L’article 3bis inséré en 2007 dans la loi du 3 juillet 1978 prévoit que les contrats de travail peuvent être conclus électroniquement au lieu d’une signature manuscrite si les parties sont d’accord et des exigences très strictes sont remplies:

  1. Le contrat doit être signé avec une la carte d’identité eID belge, ou via une “autre” signature électronique avec les “mêmes garanties de sécurité”.
  2. Employeur et employé gardent un enregistrement électronique du contrat.
  3. Une copie du contrat est gardée par un “service d’archivage électronique” belge certifié eIDAS (loi du 21 juillet 2016). Gratuitement pour le salarié et pendant cinq ans après la fin du contrat.
  4. L’identité du service d’archivage et la procédure pour accéder aux documents (pendant et après l’emploi) sont repris dans le règlement de travail.

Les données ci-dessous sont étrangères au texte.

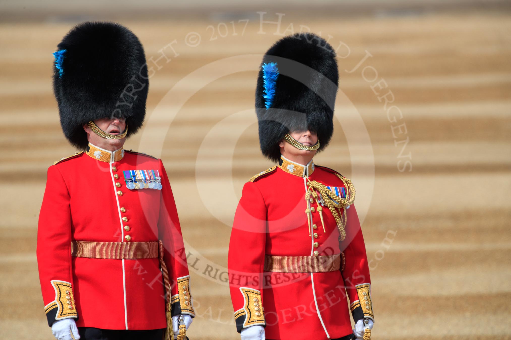 The Captain of the Guard, Major Tom F W Mortensen and The Ensign, Lieutenant Thomas Strachan (26), Number Six Guard, F Company, Scots Guards, before Trooping the Colour 2018, The Queen's Birthday Parade at Horse Guards Parade, Westminster, London, 9 June 2018, 09:54.

Des arrêtés pas encore en vigueur

L’article 3bis pose donc problème à la fois pour la signature et l’archivage. Pour la signature, les conditions de la signature “répondant aux mêmes garanties” que l’eID doivent être fixées par un arrêté royal qui n’est pas encore promulgué, ce qui réduit les possibilités de signer électroniquement un contrat autrement qu’avec l’eID.

Certes, une loi du 18 janvier 2018 implémentant le règlement EU 910/2014 (dit “eiDAS”) modifie l’article 3bis de sorte que la signature manuscrite peut être remplacée par une signature électronique dite “qualifiée” au sens du règlement ou une autre signature électronique garantissant l’identité des parties, le consentement sur le contenu et l’intégrité du contrat. Mais cette version modifiée, bien plus flexible sur les conditions de la signature n’est pas encore en vigueur… Un particulier pourrait cependant invoquer l'”effet direct” du règlement eIDAS sans attendre le nouvel article 3bis.

Et l’archivage?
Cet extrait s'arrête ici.